I’ve blogged before about how I grew up a neurotic Mormon. I worried about being able to keep track of all my many sins so I could properly repent of them all. I worried about impending nuclear war that some people seemed to so gleefully anticipate. But where I was neurotic, Katie (sorry I’m going to be all uncouth and call her by her first name because I know her through the Mormon feminist groups) suffered from full-on scrupulosity, although it wasn’t until she was an adult that she was able to put a name to it. She was so worried as a child that she was sinning and not remembering that she began confessing to her parents about things she was quite sure she hadn’t done, but couldn’t be 100% certain, so it seemed safer to confess and accept punishment than risk letting a sin be forgotten. She writes about how, when she turned eight and the time came to be baptized, she hoped to put it off a little, figuring that if she only got one chance to wipe her slate clean, she shouldn’t be too hasty to rush in and use it up. Unfortunately, by bringing the scheduling question up with her father, she found that she had inadvertently accelerated the process. Although I never thought of this strategy as a kid, I had so much the same line of thinking about sin.
Similarly relating her experience back to mine, where I grew up with parents who were pretty strict about church teachings, hers leaned toward fundamentalism. She was homeschooled for years, to keep her mind safe from the wickedness of secular ideas.

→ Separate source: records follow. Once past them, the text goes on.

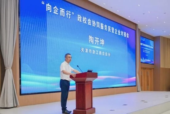 天津市浙江商会会长陶开坤代表在津商会发言。他表示,民营经济是创新与就业的生力军,但面临核心技术、人才短缺等挑战。浙江商会将充分发挥桥梁作用,推动四项重点工作:建立“企业需求库”与“高校成果库”双库联动平台;组织生物医药、人工智能等领域精准对接;探索设立研发转化专项基金;构建人才联合培养与引进机制。商会将引领在津浙商深度融入天津科教资源,助力新质生产力培育。
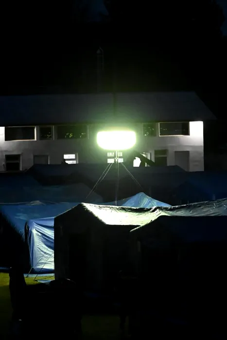FOTO-VIDEO | Tabără mobilă montată pe stadionul din Siret, în care vor fi putea fi cazați temporar refugiați din Ucraina. Sunt disponibile 30 de corturi
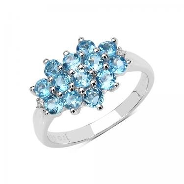 A delicate women’s designer ring featuring a 1.30 CT AAA blue topaz, accented with white topaz, set in rhodium-plated sterling silver for lasting shine and elegance.
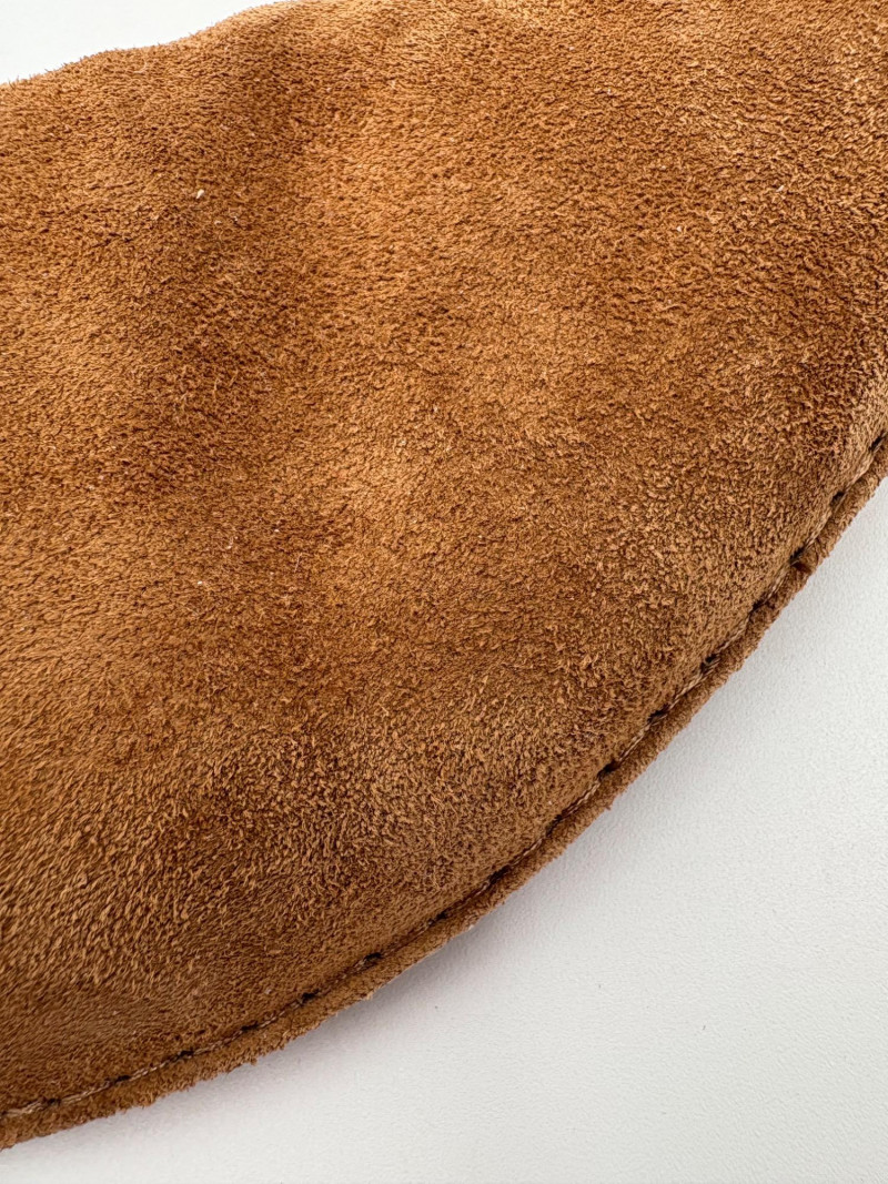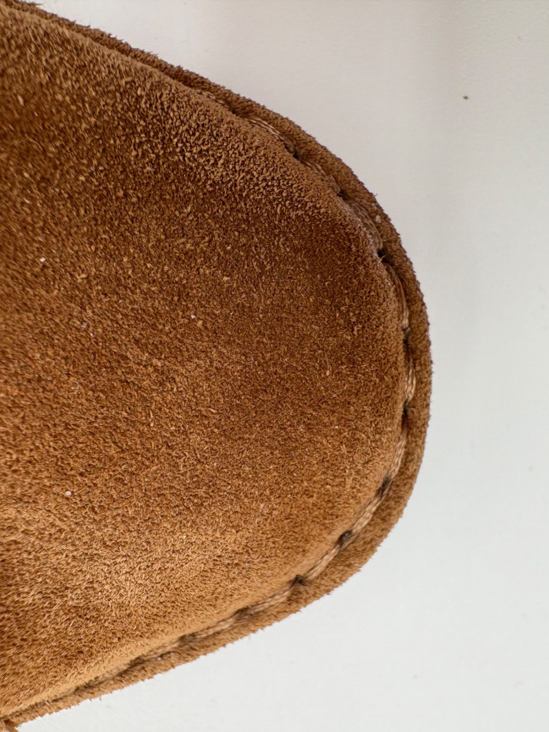 Exquisite brown suede shoes with a minimalist design from Vince. These sleek modern shoes are typical Vince - small details done as part of an understated whole. There is topstitching round the outer sole and edges of the suede uppers with a deep ankle dip. They have non-slip rubber soles and pair well with easy flowing clothes of natural fibers like like Eileen Fisher or Oska. In great used condition. Size 7.5

Her parents fell into the orbit of anti-government preppers, but fortunately, when some of the most radical among them asked her parents to go with them to Mexico and become polygamists, they declined, and the experience may have pushed them toward finally sending Katie to public school.

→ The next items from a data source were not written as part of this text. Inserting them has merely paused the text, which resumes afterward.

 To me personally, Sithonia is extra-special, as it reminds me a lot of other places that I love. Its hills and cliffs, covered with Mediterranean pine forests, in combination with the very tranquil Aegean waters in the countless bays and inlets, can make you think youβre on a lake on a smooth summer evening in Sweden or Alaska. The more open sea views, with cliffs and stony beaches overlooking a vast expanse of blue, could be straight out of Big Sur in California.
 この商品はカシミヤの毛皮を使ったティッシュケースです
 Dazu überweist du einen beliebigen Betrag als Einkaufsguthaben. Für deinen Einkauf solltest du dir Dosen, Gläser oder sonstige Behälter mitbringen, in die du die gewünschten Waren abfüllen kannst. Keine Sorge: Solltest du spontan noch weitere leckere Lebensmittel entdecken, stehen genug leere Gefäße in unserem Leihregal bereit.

Over and over, I so much identified with her stress about her sins. She continued to struggle with scrupulosity while on her mission in Bulgaria. Here’s a passage that I think captures her dilemma perfectly:
The Questions showed no mercy. Every day, they threatened to overtake me with despair; every night, I lay in bed, weeping silently so as to prevent my companion from hearing. I read Book of Mormon passages where characters had profound born-again experiences and felt the Spirit was their guilt away. I wanted desperately to sense something similar. What was wrong with me, that God wouldn’t grant me an experience like that? I had never, for as long as I could remember, felt whole. I’d had moments—an hour or two here, a day or two there—but always The Questions returned, driving me to the brink of what was bearable, urging me to succumb to darkness.